By convention, tool implementations are defined within or imported into the register.py
file. In this example, the tool implementation exists within the text_file_ingest_function.py
file and is imported into the register.py
file. The pyproject.toml
file contains the package metadata and dependencies for the tool. The text_file_ingest_function.py
that was created for us will contain a configuration object (TextFileIngestFunctionConfig
) along with the tool function (text_file_ingest_function
). The next two sections will walk through customizing these.

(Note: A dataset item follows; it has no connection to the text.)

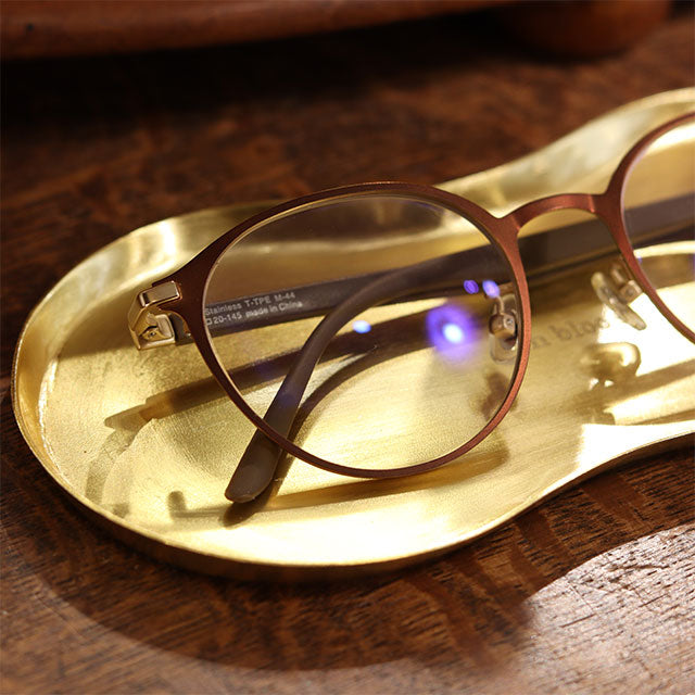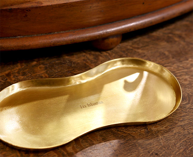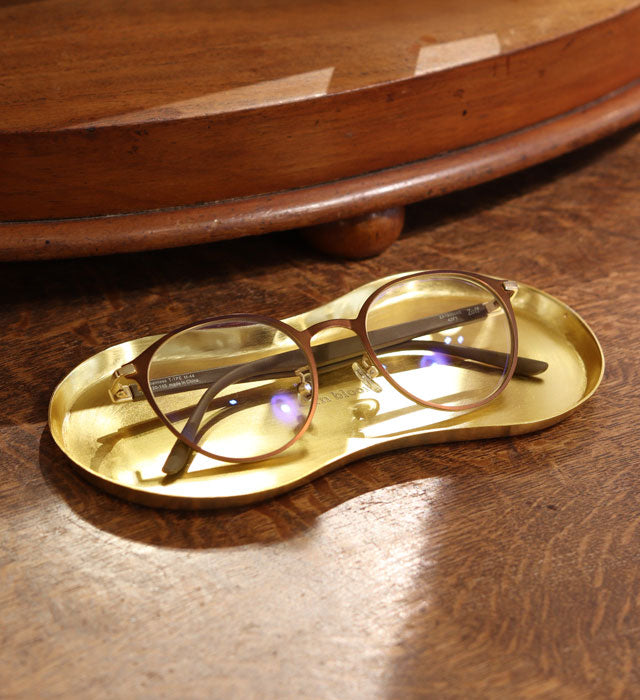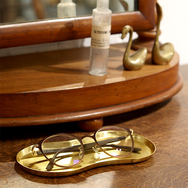使いやすさやサイズにこだわったメガネトレイ。1点1点ハンドメイドの繊細なデザインが特徴です。光沢のあるゴールド仕上げで、デスク周りを華やかにしてくれます。上品な雰囲気が◎メガネ以外にも小物やアクセサリー入れとしてもおすすめです。ハンドメイドならではの色ムラがアンティークな風合いを醸し出しています。同じinbloomシリーズで収納を揃えると統一感が出てさらに◎

Many of these tools contain an associated workflow configuration file stored in a config
directory, along with example data stored in a data
directory. Since these tools are installable Python packages and the workflow configuration file and data must be included in the package, they need to be located under the examples/text_file_ingest/src/text_file_ingest
directory. For convenience, symlinks can be created at the root of the project directory pointing to the actual directories. Lastly, the README.md
file is often included in the root of the project. Resulting in a directory structure similar to the following:
examples/
└── text_file_ingest/
├── config -> src/text_file_ingest/configs
|── data -> src/text_file_ingest/data
├── pyproject.toml
└── src/
└── text_file_ingest/
├── __init__.py
├── configs/
| └── config.yml
├── data/
├── register.py
└── text_file_ingest_function.py
Customizing the Configuration Object#
Given that the purpose of this tool will be similar to that of the webpage_query
tool, you can use it as a reference and starting point. Examining the webpage_query
tool configuration object from examples/simple/src/aiq_simple/register.py
:
class WebQueryToolConfig(FunctionBaseConfig, name="webpage_query"):
webpage_url: str
description: str
chunk_size: int = 1024
embedder_name: EmbedderRef = "nvidia/nv-embedqa-e5-v5"

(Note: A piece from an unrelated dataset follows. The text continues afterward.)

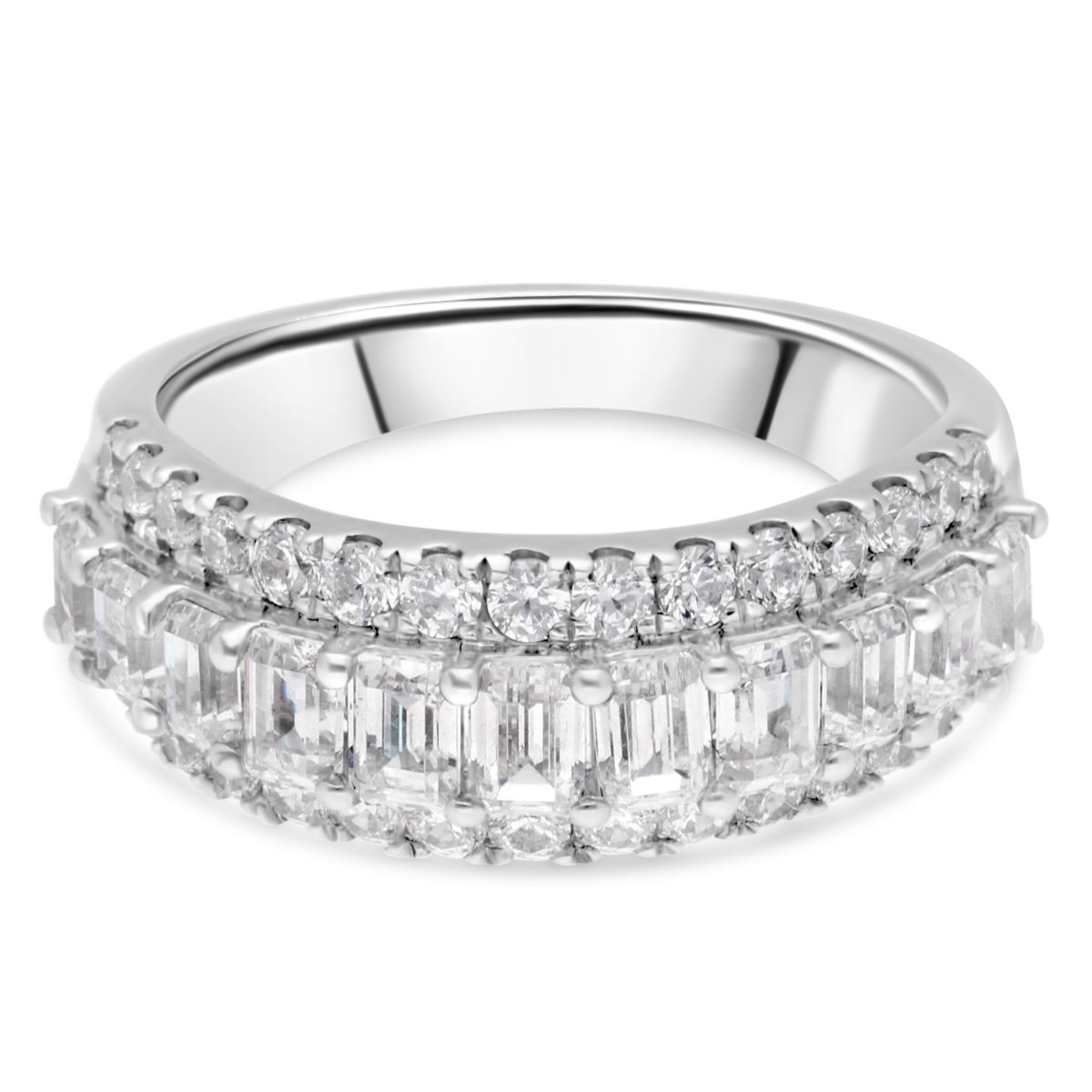 Alliance demi-tour en platine, ornée d'une rangée centrale de diamants émeraudes sublimés par des diamants ronds sur les côtés, se distingue par son éclat raffiné et sa capacité à capturer la lumière sous tous les angles.

Along with renaming the class and changing the name
, the only other configuration attribute that needs to change is replacing webpage_url
with a glob pattern. The resulting new tool configuration object will look like:
class TextFileIngestToolConfig(FunctionBaseConfig, name="text_file_ingest"):
ingest_glob: str
description: str
chunk_size: int = 1024
embedder_name: EmbedderRef = "nvidia/nv-embedqa-e5-v5"
Note
The name
parameter; the value of this will need to match the _type
value in the workflow configuration file.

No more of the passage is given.